I started the Black Sun meditation, I’m gonna upload this post over days as a kind of journal, if you’re curious about it and interested to see in the details.
Day 1 :
Nothing happened, I had troubles to visualise. But then I’ve been able to sleep for only 4 hours.
Day 2 :
- I’m usually not very good at visualisation. During the meditation, I felt something on my teeth. As soon as I started to wonder what that could be, I entered in a kind of lucid dream, in which I was pulling my teeth out (just like that, no pain or disturbance) to look at it with my eyes. I saw every details like it was reality, I don’t even know how a teeth is. And I noticed a little caries. As I was looking at it, it started to grow and rot the entire teeth, like if it was showing me what’s gonna happen if I don’t take care of it. I don’t know if that’s true.
- I fell asleep 2 hours, and this whole sleeping time was lucid and interlocked dreams. It was not too scary but it was about my anxieties. For example I had to deal with the idea to loose one of my kitten, something terrible had happened to him. It was awfull because it looked like a sort of premonition. So I don’t know if it’s a premonition, or if I was dreaming about this fear I have to loose my kittens. I hope it’s about my fears.
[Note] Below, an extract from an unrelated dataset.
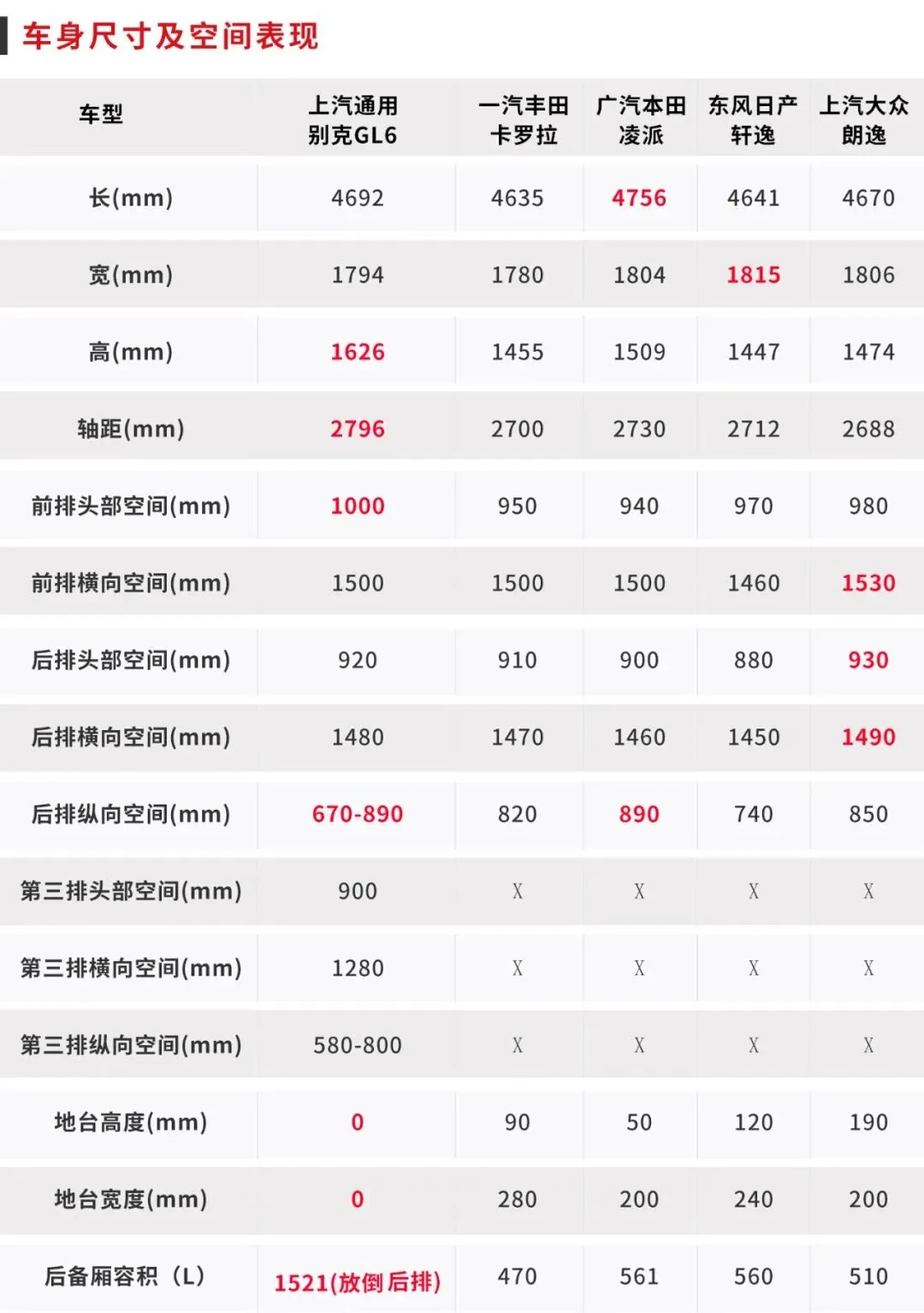 可以看出,虽然在车身尺寸方面别克GL6并没有全面领先,但1626mm的车身高度和2796mm的轴距还是有着比较明显的优势。

- When I wanted to go back to sleep, I thought again about the black sun. I was trying to imagine I was comfortable under it, and I heard a very loud creepy kind of demonic voice in my head shout “LIES !!!”. It was right. I’m afraid of the dark since I’m 12, it’s better now but I had really violent crises over my life with it (yeah I know very sexy, please contain your passions). That’s one of the reasons I’m living at night, sometimes I can go crazy anxious for hours and can’t blink an eye before the first sunlights, there are nights I just can’t sleep before the sun arises. So it’s against the exercise to think the Black Sun is comfortable to me, as the sun we know is the one that reassures me. So… at that point I realized I already entered in the heart of the matter. I’m gonna have a nice week lol.
I don’t remember well everything, I had an agitated night, I woke up several times. As it was still night, I made the black sun still above my head, I waited the morning to make it down. Maybe it was an unnecessary violence ? I don’t know if it’s supposed to be progressive but it’s already pretty intense, I give up going back to sleep for tonight.
Day 3 :
For some reasons this night was pretty erotic. I lightly felt like I was having astral sex. Had some kind of visions I don’t remember of, lucid dreams, and again only 3h sleeping. But I felt pretty good during the “exposition”. A bit anxious, but ready to face whatever I’d have to.
So far, I feel like my visualisation is increased, so are my divination skills.
I have to say it fucks up my sleep ^^.
And I think the black sun is gonna make me face my fears. I’m usually pretty much at ease with introspective tools, because I tend to be transparent towards myself, and if I find some unpleasant thing hidden I’m just happy that it’s not hidden anymore. I’m okay to face myself.
But fears… yeah, this is something I like to deal with on my own. I don’t like to be confronted to them without my freewill.
The difficulty is gonna be to not hate and be freaked out by the exercise itself. But I clearly feel something, I didn’t expect that, I feel like I made a pact with some god and let him all rights on my mind for one week in exchange of some increased abilities.